In modern databases, cross-system data synchronization is critical for real-time analytics, disaster recovery, and data integration. Change Data Capture (CDC) tracks insert, update, and delete operations in a database and sends those changes to other systems. It is a key technology for achieving this goal. Traditional CDC methods rely on transaction log parsing and face performance bottlenecks in Hybrid Transactional/Analytical Processing (HTAP) scenarios, especially when handling massive data volumes. As a distributed database built for HTAP, MatrixOne introduces a snapshot-based CDC method as a complement to traditional log parsing, significantly improving the efficiency of data change capture. This article explores the core advantages, technical principles, and practical application scenarios of MatrixOne CDC.

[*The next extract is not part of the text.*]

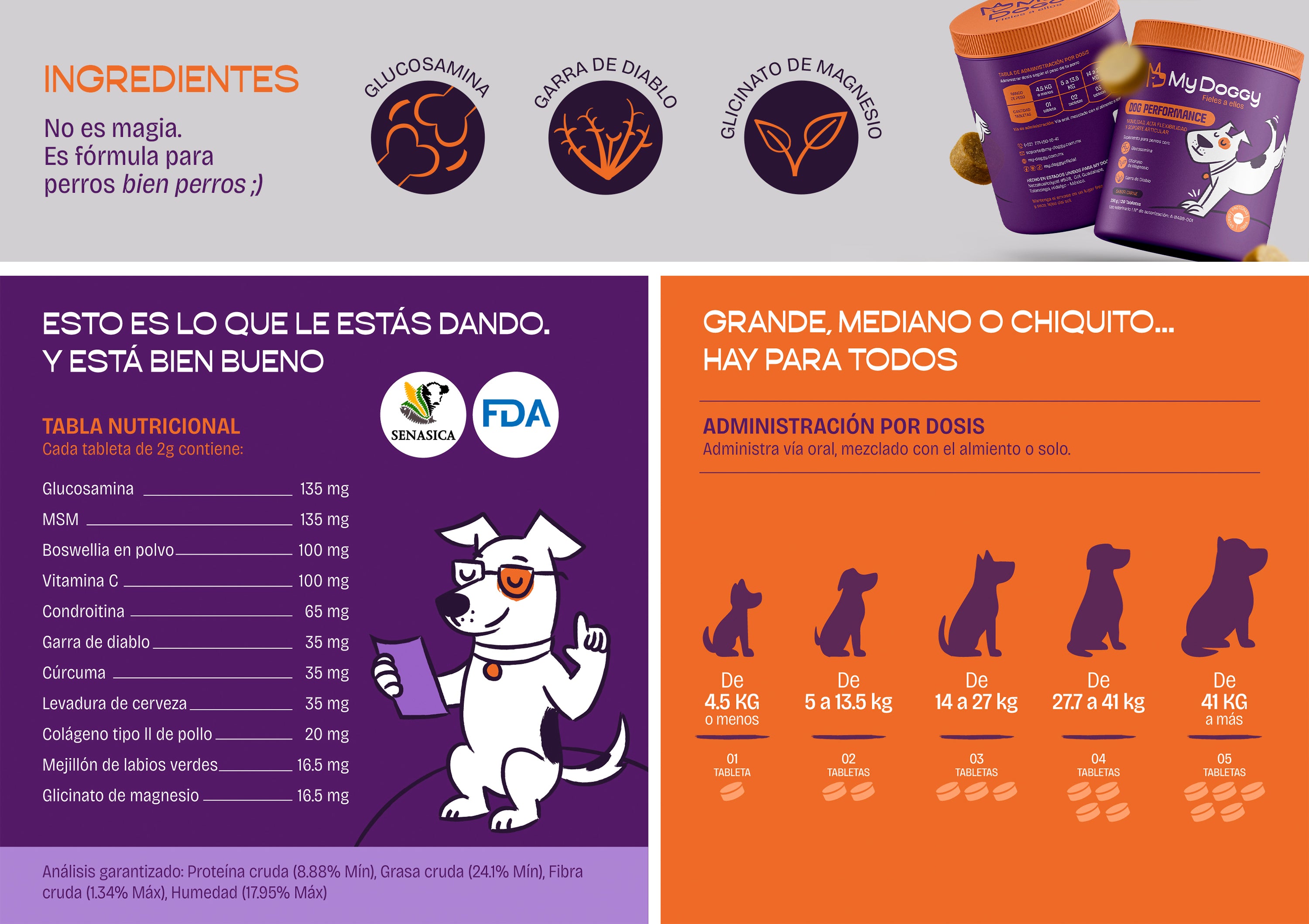 Si, Dog Performance de My Doggy es un suplemento que cuenta con aprobación de SENASICA, en el envase aparece el N° de autorización.

CDC Introduction: Why Is It Important?

CDC, or Change Data Capture, is a technology used to monitor database changes, including inserts, updates, deletes, and schema changes, and deliver those changes to other systems in a consumable format. It acts as a bridge between databases and downstream applications such as caches, data warehouses, or search engines, and is widely used in real-time synchronization, analytics, disaster recovery, and other scenarios.

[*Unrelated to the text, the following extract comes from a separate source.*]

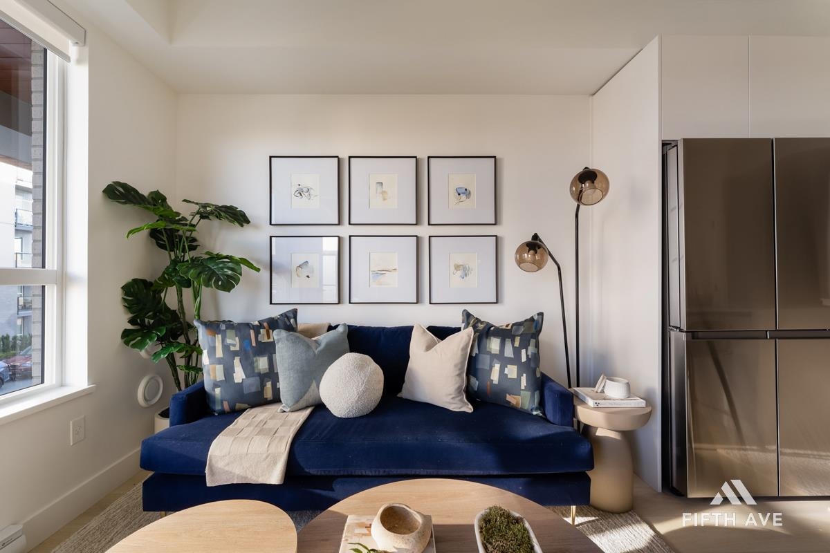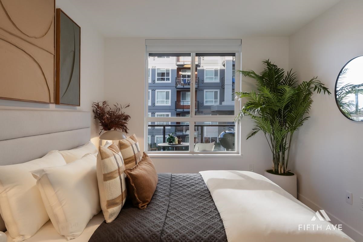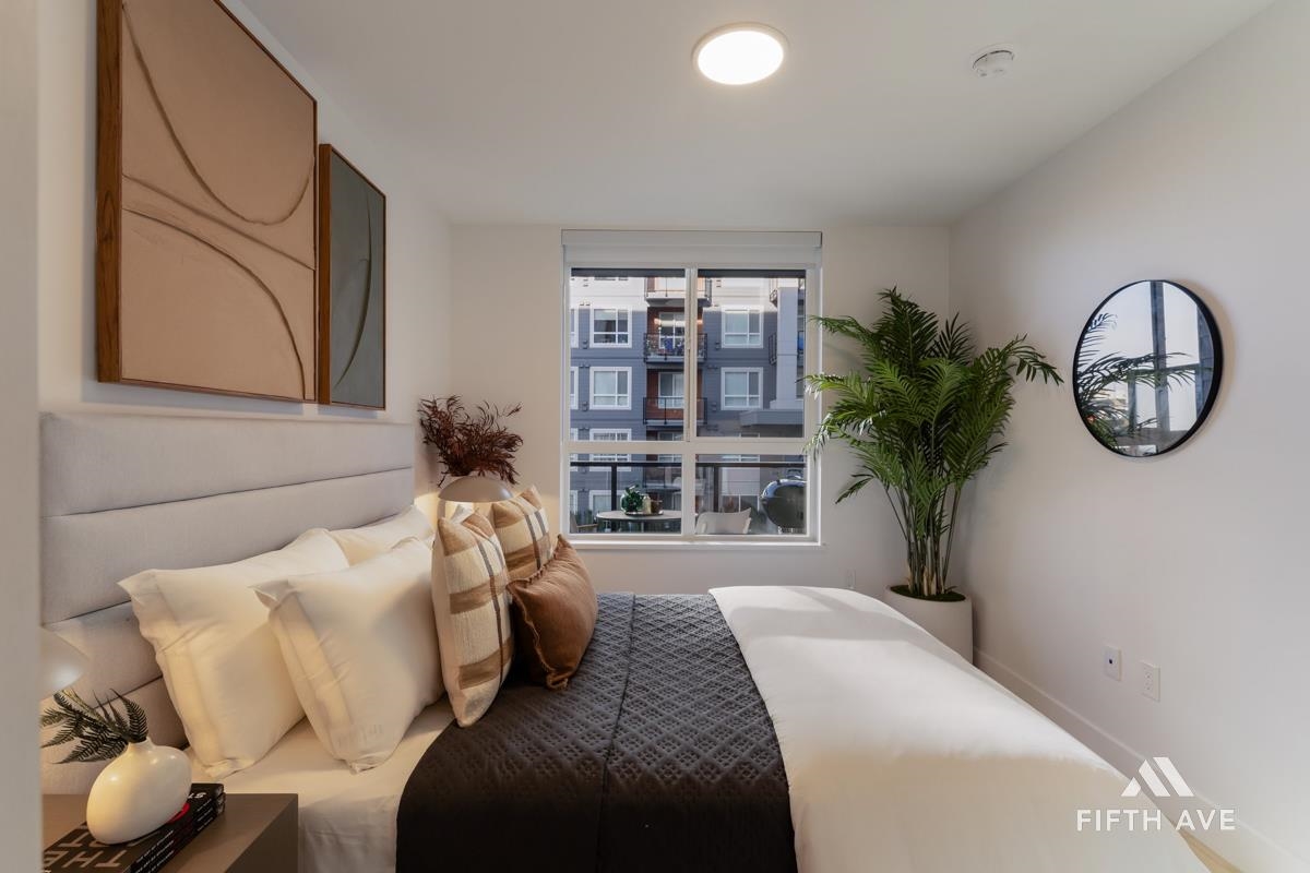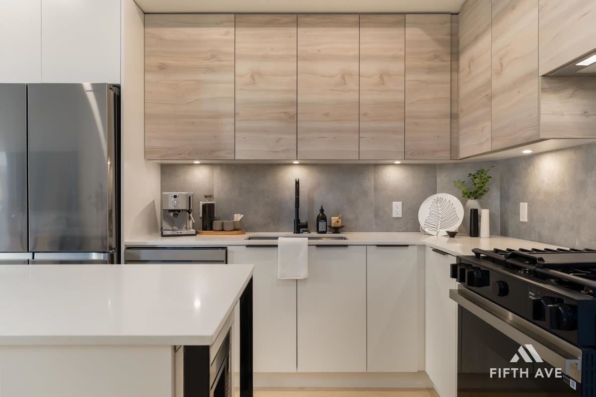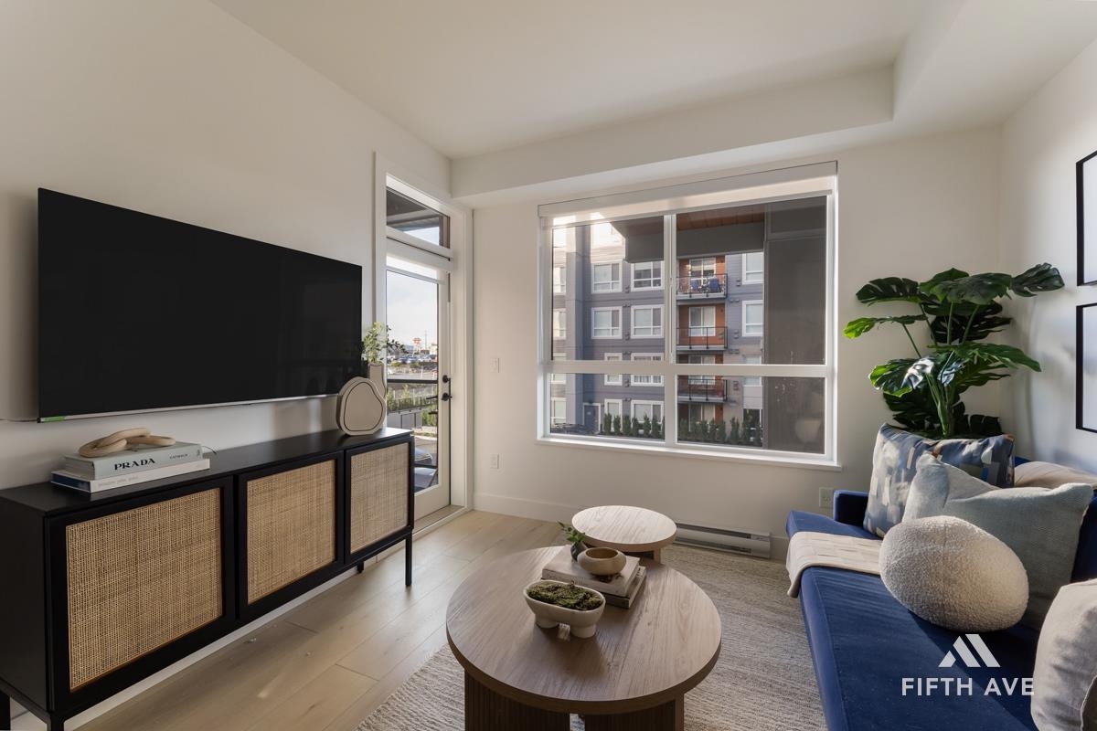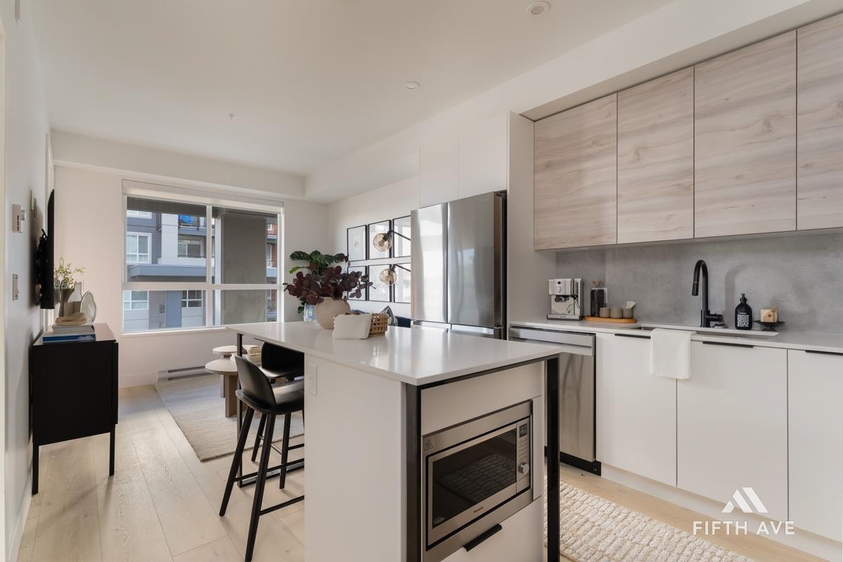 Move in ready at Highstreet Village - Abbotsford's best-selling community. This 1-bed 1-bath home features a modern kitchen, quartz countertops, two-tone cabinetry, stainless steel appliances, including an upgraded smart fridge and gas range. The spa-inspired bathroom includes a frameless glass shower and contemporary finishes. Large covered sundeck. Centrally located next to Highstreet Shopping Centre, Hwy 1, and Abbotsford Airport, all levels of schools and more. 1 parking and 1 storage space included!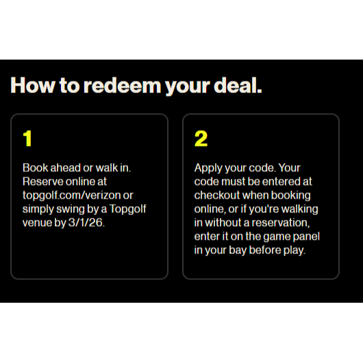 code for one hour of topgolf. you can also apply to longer reservation too. its for golf bay use only food and drinks and other fees not included. exp 3/1/26

Traditional CDC relies on parsing database transaction logs, such as MySQL binlog or PostgreSQL WAL. Although this approach performs reasonably well in transactional scenarios, it exposes many problems in complex environments such as HTAP:

  • Parsing latency: Large log files take a long time to parse, causing change-capture delays.
  • Resource overhead: Log parsing requires large amounts of CPU and memory, affecting database performance.
  • Poor HTAP adaptability: In massive-data scenarios, logs may record only metadata changes, making it complex and inefficient to infer real data changes.
  • Redundant historical operations: Downstream systems need to process large amounts of historical data, increasing complexity and storage cost.
  • Long-term traceability difficulty: Long-cycle changes, such as changes spanning months or years, require retaining all historical states, leading to a sharp increase in storage and processing costs.

These issues are especially prominent in distributed HTAP databases such as MatrixOne, because they must handle high-concurrency transactions and large-scale analytical tasks at the same time. The CDC module in MatrixOne effectively addresses these challenges and improves capture efficiency through a snapshot-based complementary approach.

MatrixOne's Snapshot-Based CDC: Technical Innovation

Based on its columnar storage architecture and distributed design, MatrixOne moves away from the traditional log-dependent CDC paradigm and instead captures changed data directly from the database kernel through snapshots. This method is especially suitable for HTAP scenarios and can efficiently handle batch data changes and metadata operations.

How It Works (Brief Overview)

MatrixOne stores table data and "tombstone data" (which marks delete operations) separately, and manages file lists through a metadata table. This metadata table is essentially a regular table that records file creation and deletion operations. It can be queried through SQL, and consistency is guaranteed by the database transaction engine.

When capturing changes between two time points, such as TS1 to TS2, the process is as follows:

  1. Snapshot comparison: Compare the metadata snapshots of TS1 and TS2 to identify newly added or deleted files.
  2. Data scan: Scan only the relevant files, extract insert operations (new data) and tombstone operations (deletes), and filter them by time range.
  3. Merge optimization: Merge changes and eliminate redundant historical operations. For example, if a row is inserted and deleted multiple times, the final output may include only the net effect, such as a single insert, reducing downstream data volume.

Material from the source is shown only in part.